Verbatim copy, images excluded: write out each record shown below.
### Supplied entries ###
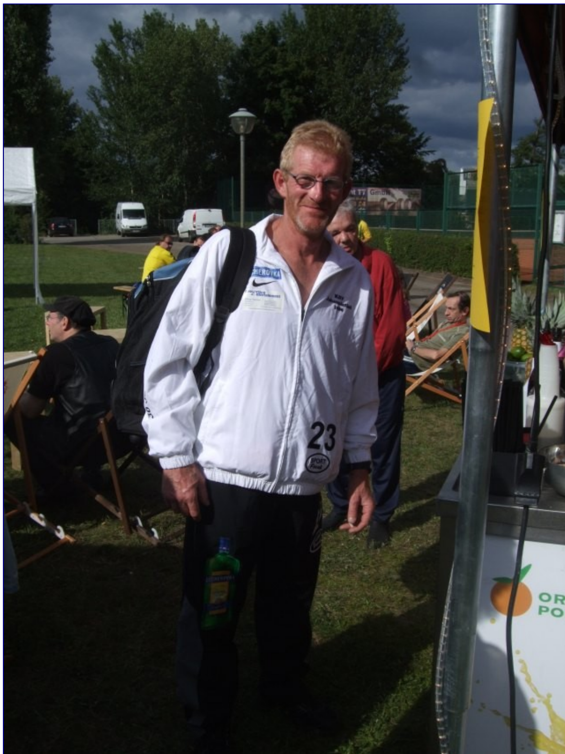
Das KSV Leibchen nun auch auswärts unterwegs
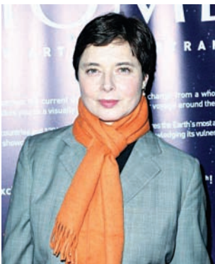
အီတလီ သရုပ်ဆောင် အစ္စဘဲလ်လာ ရိုဆယ်လီနီ

အဆိုပါ The Necessary Death of Charlie Countryman ဇာတ်ကားသည် ၂၀၁၃ ခုနှစ်တွင်မှ အသစ်ထွက်ရှိလာသော ဟာသ၊ အချစ်၊ အက်ရှင်ဇာတ်ကားတစ်ကားဖြစ်ပြီး ဒါရိုက်တာ ဖရိုဒရစ်ခ် ဘွန်းက ရိုက်ကူးပုံဖော်ပေးထားသည်။
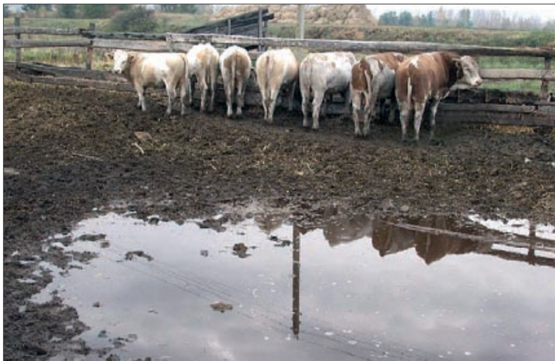
■ «Их в живых осталось только семеро...»
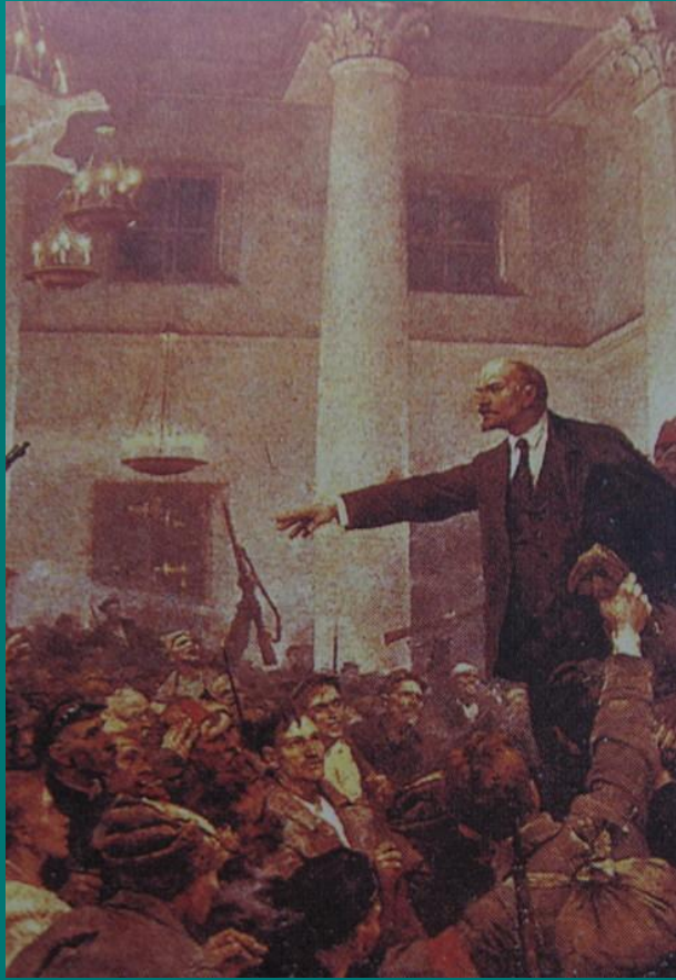
Лидер большевиков Владимир Ильич Ленин.

2 марта 1917 года, подписав манифест об отречении от престола в пользу своего брата Михаила Александровича, Николай II отправился в Могилев, чтобы попрощаться с армией. В дороге не было никаких инцидентов, внешне Николай Александрович был совершенно спокоен. По прибытию в Могилев ему сообщили, что брат Михаил отрекся от прав на престол (в конце концов, власть перешла в руки большевиков).
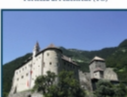
Castel Tirolo (BZ)
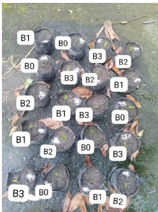
Gambar 3. Umur empat minggu setelah tanam
###
- _Response area_
Das KSV Leibchen nun auch auswärts unterwegs
အီတလီ သရုပ်ဆောင် အစ္စဘဲလ်လာ ရိုဆယ်လီနီ

အဆိုပါ The Necessary Death of Charlie Countryman ဇာတ်ကားသည် ၂၀၁၃ ခုနှစ်တွင်မှ အသစ်ထွက်ရှိလာသော ဟာသ၊ အချစ်၊ အက်ရှင်ဇာတ်ကားတစ်ကားဖြစ်ပြီး ဒါရိုက်တာ ဖရိုဒရစ်ခ် ဘွန်းက ရိုက်ကူးပုံဖော်ပေးထားသည်။
■ «Их в живых осталось только семеро...»
Лидер большевиков Владимир Ильич Ленин.

2 марта 1917 года, подписав манифест об отречении от престола в пользу своего брата Михаила Александровича, Николай II отправился в Могилев, чтобы попрощаться с армией. В дороге не было никаких инцидентов, внешне Николай Александрович был совершенно спокоен. По прибытию в Могилев ему сообщили, что брат Михаил отрекся от прав на престол (в конце концов, власть перешла в руки большевиков).
Castel Tirolo (BZ)
Gambar 3. Umur empat minggu setelah tanam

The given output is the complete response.